Hi, to do this without UIMA, create a class that is initialized similar to the NounPhraseAnnotator.initialize(), and pass your input text to a method similar to the NounPhraseAnnotator.process(). Instead of passing in a JCas, pass in your text directly (the process() method gets the text using JCas.getDocumentText()).

Anonymous said...

Hi Sujit,

i use OpenNLP without UIMA.I created a function for each tool, but my Chunking function does not work. Could you help me please.Here is my main function:

public static void main(String[] args) throws FileNotFoundException {
String input="This article provides a review of the literature on clinical correlates of awareness in dementia. Most inconsistencies were found with regard to an association between depression and higher levels of awareness. Dysthymia, but not major depression, is probably related to higher levels of awareness. Anxiety also appears to be related to higher levels of awareness. Apathy and psychosis are frequently present in patients with less awareness, and may share common neuropathological substrates with awareness. Furthermore, unawareness seems to be related to difficulties in daily life functioning, increased caregiver burden, and deterioration in global dementia severity. Factors that may be of influence on the inconclusive data are discussed, as are future directions of research.";
System.out.println("text : " + input);
NounPhraseAnnotator2 ann=new NounPhraseAnnotator2();
String [] sentences=ann.SentenceDetector(input);
for(String sentence:sentences){
String tokens[]=ann.SentenceTokenizer(sentence);
String tags[]=ann.POSTagger(tokens);
//for(int i=0;i<tokens.length;i++)
//System.out.println(tokens[i]+" - "+tags[i]);
Span chunks[]=ann.Chunking(tokens, tags);
//System.out.println(sentence);
for (Span chunk : chunks) {
if ("NP".equals(chunk.getType())) {
System.out.println(chunk.getStart()+" "+chunk.getEnd()+" "+chunk.getCoveredText(sentence));
}
}
}
// Parse[] parse=ann.parser(input);
//for(Parse pars:parse) pars.show();
System.out.println("FIN");
}

there is some results:

0 2 Th
3 5 s
6 8 rt
9 11 cl
12 13
14 15 r
0 2 Mo
5 6 i
7 9 co
10 14 sist
15 16 n
0 1 D
3 6 thy
11 13 bu
14 15
0 1 A
7 9 a
10 11 s
2 3 a
7 8 a
9 11 d
15 18 hos
19 20 s
2 3 r
8 9 o
10 13 e,
15 17 aw
19 20 e
21 24 ess
..........

many thanks

Sujit Pal said...

Blogger messes up the formatting so its hard to read. From a quick look I don't see anything glaring (but I didn't look that hard). I suspect the problems may be with your models. I have written a JUnit test (which you can convert to a main almost 1 to 1 if you need) that produces results that seem more believable. Both the code snippet and results can be found in the code snip here: http://pastebin.com/bUDY7fb0

Vivek Kumar said...

Hi,

Can you please describe the use of UimaUtils in your example. Do I need to create any custom code to run this example?

Regards
Vivek

Sujit Pal said...

Hi Vivek, sorry did not include the source for UimaUtils.java, here it is.

Vivek Kumar said...

Hi Sujit,

I have two versions of noun phrases extractor both giving same result, one using uima and one without using uima.
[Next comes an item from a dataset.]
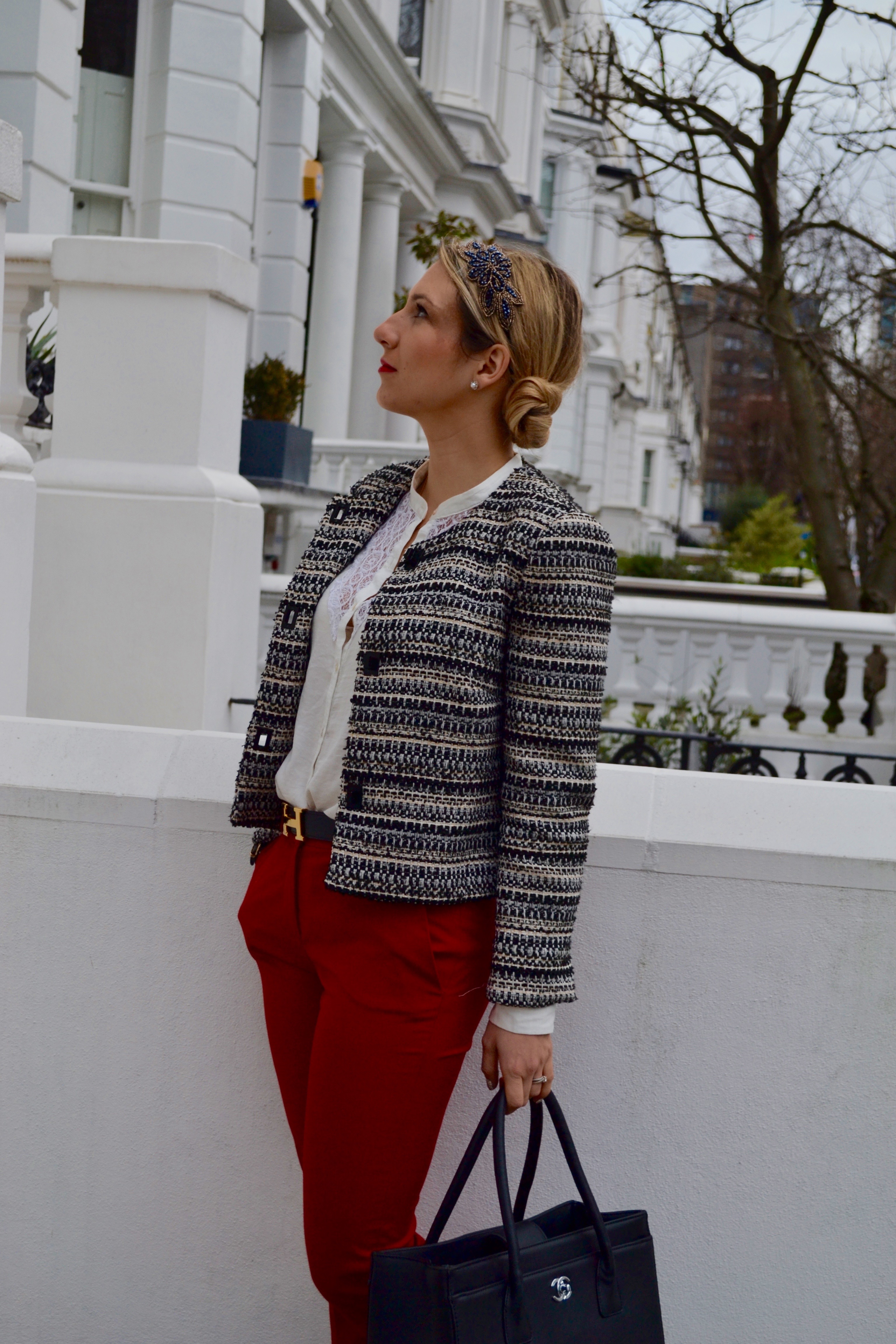 I chose to wear a a lacey white blouse to keep things classical. My HermÚs belt for the bling and a tweed jacket for the Jackie Kennedy in me, add a pair of high heels et voilà !

Can you please explain apart from time on which parameter should I select one?

Sujit Pal said...

I think you may want to use UIMA if you want to put your extractor into a pipeline of other UIMA components or you want to use UIMA's built in features, for example if you want to change the model and have the extractor automatically refresh itself using a reinit() call from your client. Otherwise, it may make more sense to build a non-UIMA pipeline and bypass the pain of UIMA configuration.